Hey, deciding between buying either;

£99
PNY Verto GeForce 6 6600GT AGP8x 128MB GDDR3

    * Superscalar GPU architecture
    * 500MHz core clock
    * 128-bit high-speed DDR3 memory interface
    * 900MHz memory data rate
    * 16GB/sec. memory bandwidth
    * 4.0 billion texels/sec. fill rate
    * 375 million vertices/sec. setup
    * 8 pixels per clock (peak)
    * 16 textures per pixel (max in a single rendering pass)
    * Dual 400MHz RAMDACs
    * Maximum display resolution 2048 x 1536 @ 85Hz
    * Flat-panel display support with resolutions up to 1920 x 1200





£110
BFG GeForce 6800 GS OC / 256MB GDDR3 / AGP 8x / DVI / VGA / TV Out / Video Card

*Performance*
GPU/VPU 	
NVIDIA GeForce 6800 GS OC

RAMDAC 	
Dual 400 MHz 	

Vertices per Second 	
555 Million 	

Maximum Resolution 	
2048 x 1536 @ 85Hz 	

*Memory* 
Video Memory 	
256MB 	

Memory Type 	
256-bit
GDDR3 	

Core Clock 	
370 MHz 	

Memory Clock 	
1050 MHz 	

Memory Bandwidth 	
33.6GB/sec.

*Connections*
Interface Type 	
AGP 	

Interface Speed 	
8X 	

Connector(s) 	
DVI
TV/S-Video
VGA 

Now obviously, I'll probably get the BFG GeForce 6800GS, and with a Lifetime Warranty, it's even better.

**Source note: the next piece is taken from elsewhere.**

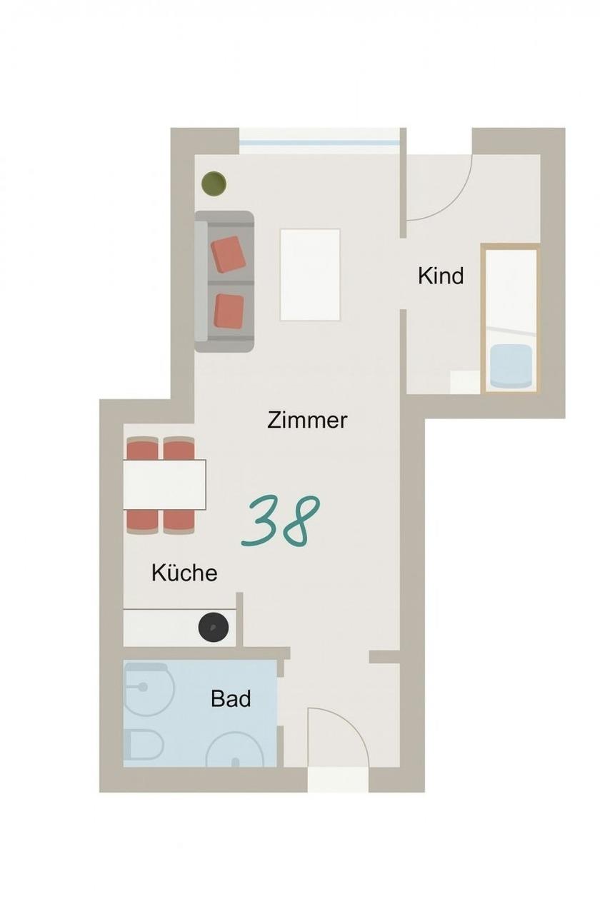 2-Zimmer-Wohnung (ca. 35 qm) mit einem Schlafzimmer
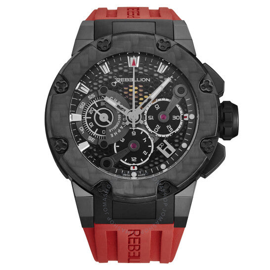 Black titanium case with a red rubber strap. Fixed black titanium bezel. Black dial with black hands and index hour markers. Minute markers around the outer rim. Dial Type: Analog. Luminescent hands and markers. Date display between 4 and 5 o'clock position. RE-1 automatic movement. Scratch resistant sapphire crystal. Screw down crown. Transparent case back. Round case shape, case size: 48 mm, case thickness: 16.3 mm. Band width: 30 mm. Deployment with push button release clasp. Water resistant at 100 meters / 330 feet. Functions: chronograph, date, hour, minute, second. Additional Info: automatic winding, developed by concepto. Predator Series. Luxury watch style. Rebellion Predator Chronograph Automatic Black Dial Men's Watch RB.PR.CH.TBCF.BK.

How good is the 6800GS and 6600GT comparable, and has anyone got any benchmark results on any if not both of the cards and how much there overclockable from there original clocks.

[EDIT]
Also, I'd get Artic Cooling probably if I bought any of these 2 cards. Any of the 2 should be a big upgrade from my ATI 9250, lol.


----------



## Darksaber (Feb 4, 2006)

yea get the 6800GS it has 16 pipelines, and 256MB with 256Bit. it scores around 5500 points of 3Dmark05 points...a 6600GT scores around 3500 Points. So no matter how much you oc the 6600GT..you won't get the points of 6800GS.

cheers
DS


----------



## Josh (Feb 4, 2006)

Thanks for the quick reply Darksaber.

Can I ask how much it is overclockable with Artic Cooling from it's current clock state of 370/1050?

And has anyone else got any opinions?


----------



## trog100 (Feb 4, 2006)

6800GS is a good agp card.. the only other (faster) option would be the new 7800gs.. bit (a lot) more money but it will be the fastest agp card to ever arrive.. end of the line for agp.. 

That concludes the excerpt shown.